# What to do
Pictures in the data should be dropped; transcribe exactly the lines from the one that has "X says Ashley" through the one that has "Rajah di bawah".

# Task input
════════
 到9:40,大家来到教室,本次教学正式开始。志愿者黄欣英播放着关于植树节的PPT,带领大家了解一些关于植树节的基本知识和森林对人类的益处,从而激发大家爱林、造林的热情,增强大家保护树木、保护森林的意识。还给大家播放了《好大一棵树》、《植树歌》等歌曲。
════════
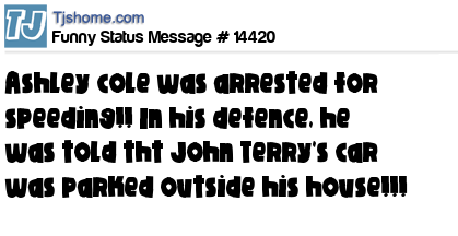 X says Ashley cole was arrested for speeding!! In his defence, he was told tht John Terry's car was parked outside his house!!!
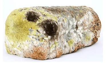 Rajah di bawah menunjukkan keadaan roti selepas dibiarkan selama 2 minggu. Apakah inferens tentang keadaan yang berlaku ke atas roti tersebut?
════════
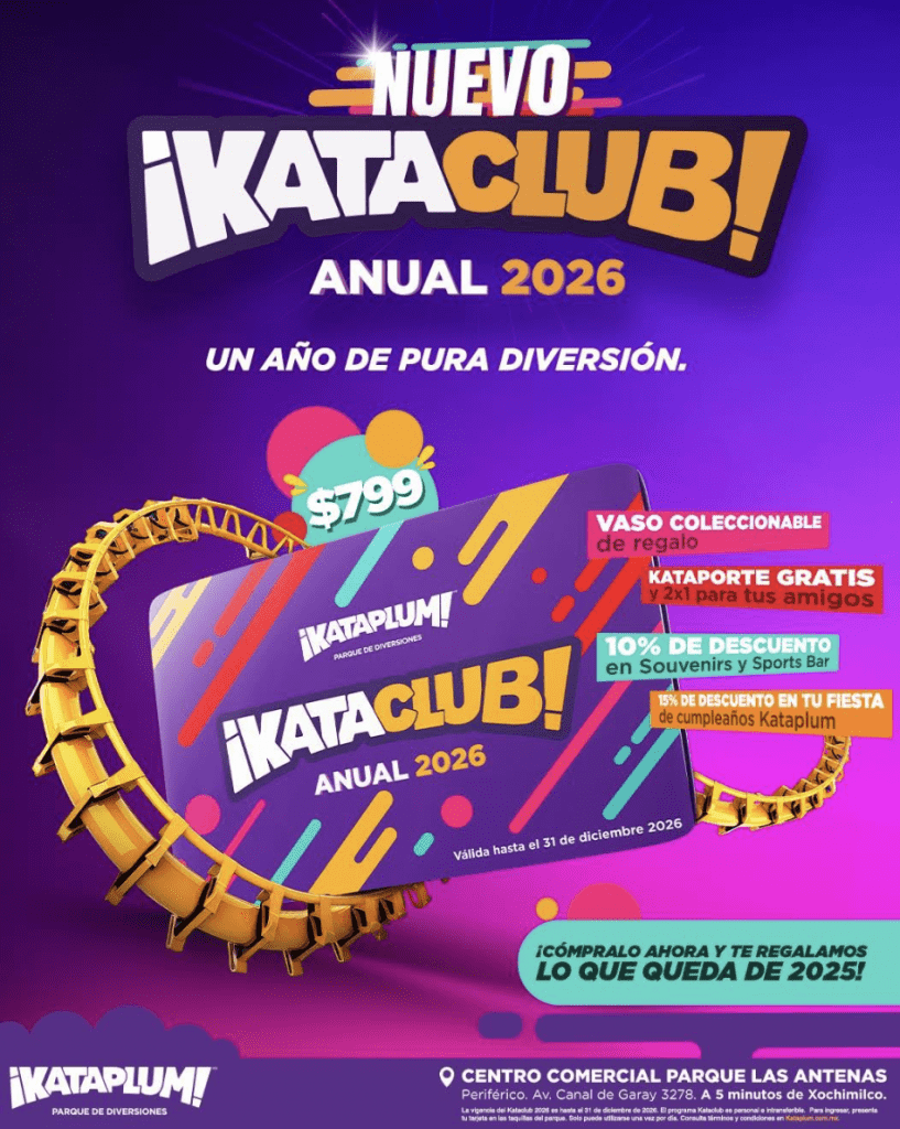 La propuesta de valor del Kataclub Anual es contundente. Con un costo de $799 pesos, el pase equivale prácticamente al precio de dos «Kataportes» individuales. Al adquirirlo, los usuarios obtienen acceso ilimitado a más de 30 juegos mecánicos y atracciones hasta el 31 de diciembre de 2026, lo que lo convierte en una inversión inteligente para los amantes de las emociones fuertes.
════════
# Finished task
 X says Ashley cole was arrested for speeding!! In his defence, he was told tht John Terry's car was parked outside his house!!!
 Rajah di bawah menunjukkan keadaan roti selepas dibiarkan selama 2 minggu. Apakah inferens tentang keadaan yang berlaku ke atas roti tersebut?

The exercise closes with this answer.